_YOUR ASSIGNMENT_
A precise reproduction of every record below is needed, minus the pictures.
##### RECORD EXCERPTS
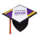 Colleges, universities, high schools, and institutes of higher learning can add sophistication to graduation ceremonies with this modern, contemporary motarboard, which features elegant lettering set on purple, gold, and white backgrounds. Customize with name of school/college/university and academic logo/motto/seal. Colors and font types can be modified as desired.
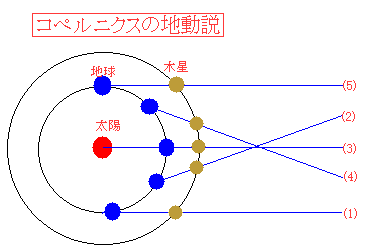 | ギリシャ時代の後、キリスト教がヨーロッパを支配して、天動説を 真実として、これ以外の考え方を、いっさい認めようとはしません でした。 15世紀になって北イタリアからルネサンスが始まると、これに 呼応するように16世紀、ポーランドの神父コペルニクスは、太陽 が宇宙の中心で、地球をはじめとするすべての惑星がその周りを まわっていると考えれば、惑星の逆行現象などの、複雑な惑星の 動きも、簡単に説明できることを示しました。 太陽の周りを回る惑星の動きを公転といいます。逆行する火星・ 木星・土星は地球よりも、太陽から遠くを公転して、地球よりも 太陽の周りを一周するのに時間が掛かるとすると、地球がそれらの 惑星を追い越すことがあり、この時に地球から惑星が逆行する様に 見えるのだと、説明をしました。 |
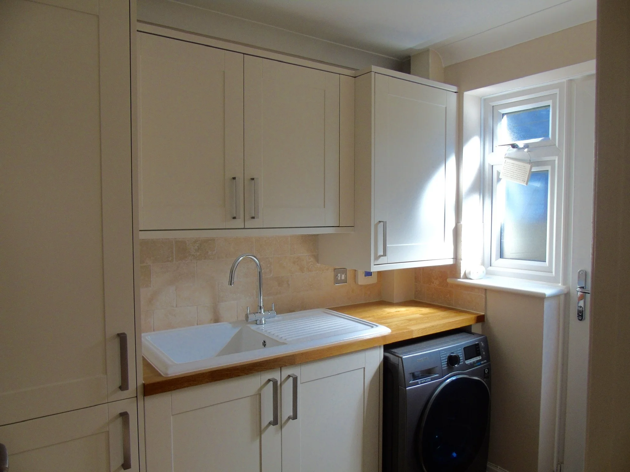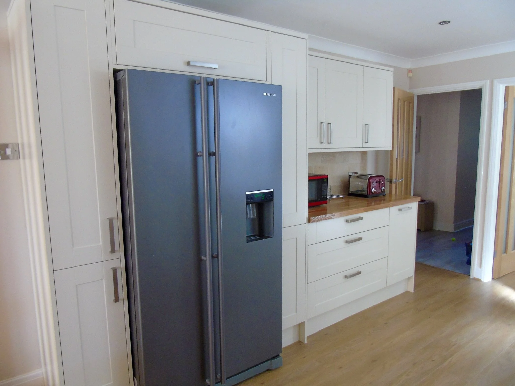 cream shaker with solid oak worktops
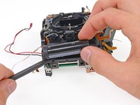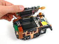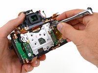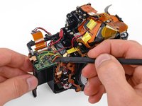 This is the point in the teardown when stuff just starts coming out of the device left and right. A lens mount here, a ribbon cable there, whatever that is over there... the only thing that could make this better is if it was made into an awesome montage and set to "You're the Best," à la Karate Kid.
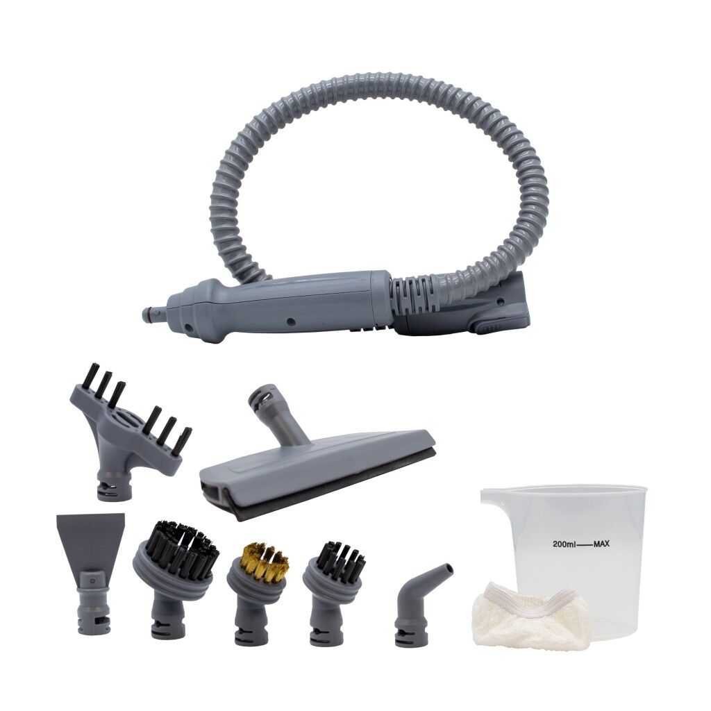 Kompletní příslušenství pro parní mop se zásobníkem na čistící prostředek TESLA SteamPower FX50. Úklid domácnosti může pokračovat.
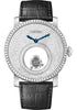 Cartier Rotonde de Cartier Mysterious Double Tourbillon Watch 45 mm platinum case, 5 mm thick, platinum crown set with a brilliant-cut faceted diamond of 0.20 carats, bezel set with 72 brilliant-cut diamonds totaling 1.26 carats, sapphire crystal, rhodiumized 18K white gold dial set with 568 brilliant-cut diamonds totaling 1.97 carats, caliber 9454 MC, certified "Poinçon de Genève" manual movement, approximately 52 hours of power reserve, double adjustable folding rhodiumized 18K white gold buckle.
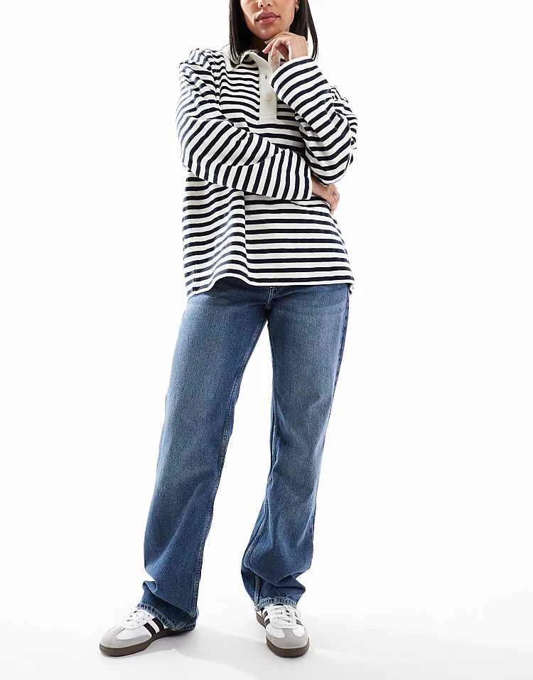 Bershka High Waisted Wide Leg Jeans In Light Wash Blue For Women
##########
_RESPONSE TO THIS EXERCISE_
 Colleges, universities, high schools, and institutes of higher learning can add sophistication to graduation ceremonies with this modern, contemporary motarboard, which features elegant lettering set on purple, gold, and white backgrounds. Customize with name of school/college/university and academic logo/motto/seal. Colors and font types can be modified as desired.
 | ギリシャ時代の後、キリスト教がヨーロッパを支配して、天動説を 真実として、これ以外の考え方を、いっさい認めようとはしません でした。 15世紀になって北イタリアからルネサンスが始まると、これに 呼応するように16世紀、ポーランドの神父コペルニクスは、太陽 が宇宙の中心で、地球をはじめとするすべての惑星がその周りを まわっていると考えれば、惑星の逆行現象などの、複雑な惑星の 動きも、簡単に説明できることを示しました。 太陽の周りを回る惑星の動きを公転といいます。逆行する火星・ 木星・土星は地球よりも、太陽から遠くを公転して、地球よりも 太陽の周りを一周するのに時間が掛かるとすると、地球がそれらの 惑星を追い越すことがあり、この時に地球から惑星が逆行する様に 見えるのだと、説明をしました。 |
 cream shaker with solid oak worktops
 This is the point in the teardown when stuff just starts coming out of the device left and right. A lens mount here, a ribbon cable there, whatever that is over there... the only thing that could make this better is if it was made into an awesome montage and set to "You're the Best," à la Karate Kid.
 Kompletní příslušenství pro parní mop se zásobníkem na čistící prostředek TESLA SteamPower FX50. Úklid domácnosti může pokračovat.
 Cartier Rotonde de Cartier Mysterious Double Tourbillon Watch 45 mm platinum case, 5 mm thick, platinum crown set with a brilliant-cut faceted diamond of 0.20 carats, bezel set with 72 brilliant-cut diamonds totaling 1.26 carats, sapphire crystal, rhodiumized 18K white gold dial set with 568 brilliant-cut diamonds totaling 1.97 carats, caliber 9454 MC, certified "Poinçon de Genève" manual movement, approximately 52 hours of power reserve, double adjustable folding rhodiumized 18K white gold buckle.
 Bershka High Waisted Wide Leg Jeans In Light Wash Blue For Women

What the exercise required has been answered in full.